Alan Schmaljohn, virologist, 2014

 

Canto: So, reading The Vaccine Race, by Meredith Wadman – maybe we should just do book reviews? – I find myself getting excited, or confused, by a passage, and wanting to do more research, and then forgetting about it…

Jacinta: It’s probably pretty normal to forget 95% of what you read within a week or so of having read it. You just hope the things you retain are the principal things.

Canto: Yeah well, I was probably hoping the book would help me get my head around how vaccines work, as well as providing juicy and inspiring tales of heroism and malpractice in the history of vaccine development, and it has helped, but I think I’d need to read half a dozen such books and watch a dozen videos before it penetrated my thick skull…

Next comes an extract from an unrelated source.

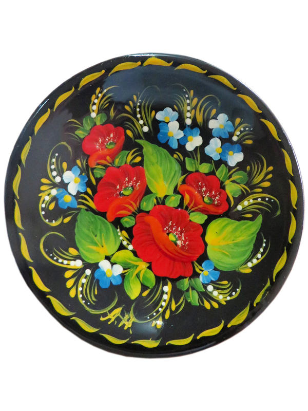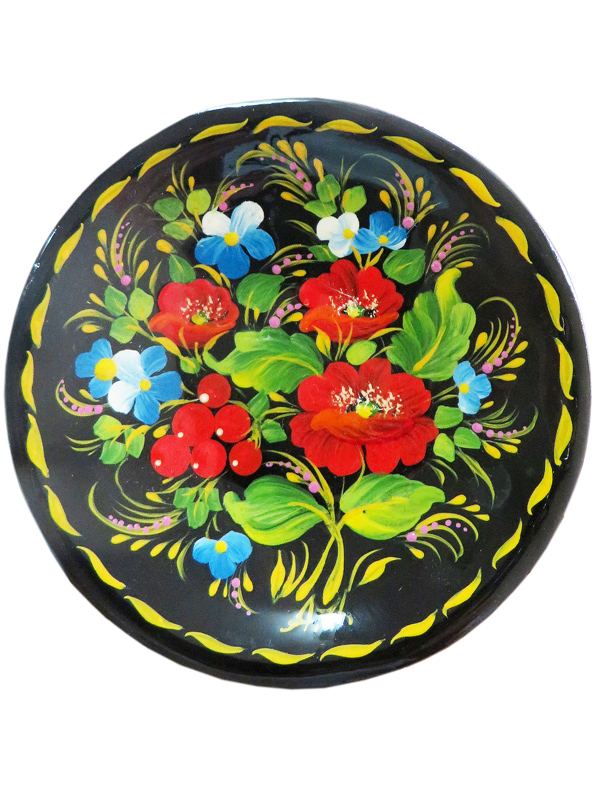 Ексклюзивна, настінна тарілка круглої форми "Квіти М2 10 см" з яскравими, розмальованими квітами на чорному тлі стане оригінальним доповнення інтер'єру.

Jacinta: Yes, for example, when I found myself reading, well into the book, about Leonard Hayflick’s human diploid cells, taken from the lungs of an aborted foetus, which were used to provide a sort of base for creating vaccines against all sorts of diseases, most notably rubella, I thought ‘obviously the author has explained human diploid cells, probably in great detail, before, but I can’t recall a whit’…

Canto: That’s what comes of reading too many books at once, and spreading your focus. You know it’s a myth that women can multi-task better than men, but the major finding of research is that multi-tasking is bad for everyone. Let’s resolve to read books one at a time, from start to finish.

Jacinta: Resolved. Anyway, diploid cells are just standard human cells, with 23 pairs of chromosomes. The only other human cells are haploid sperm and eggs, with 23 unpaired chromosomes. Hayflick’s cell line, gathered in the fifties, was ‘cleaner’ than the cells previously used from other animals, such as monkey kidney cells, which contained many viruses. I used the index.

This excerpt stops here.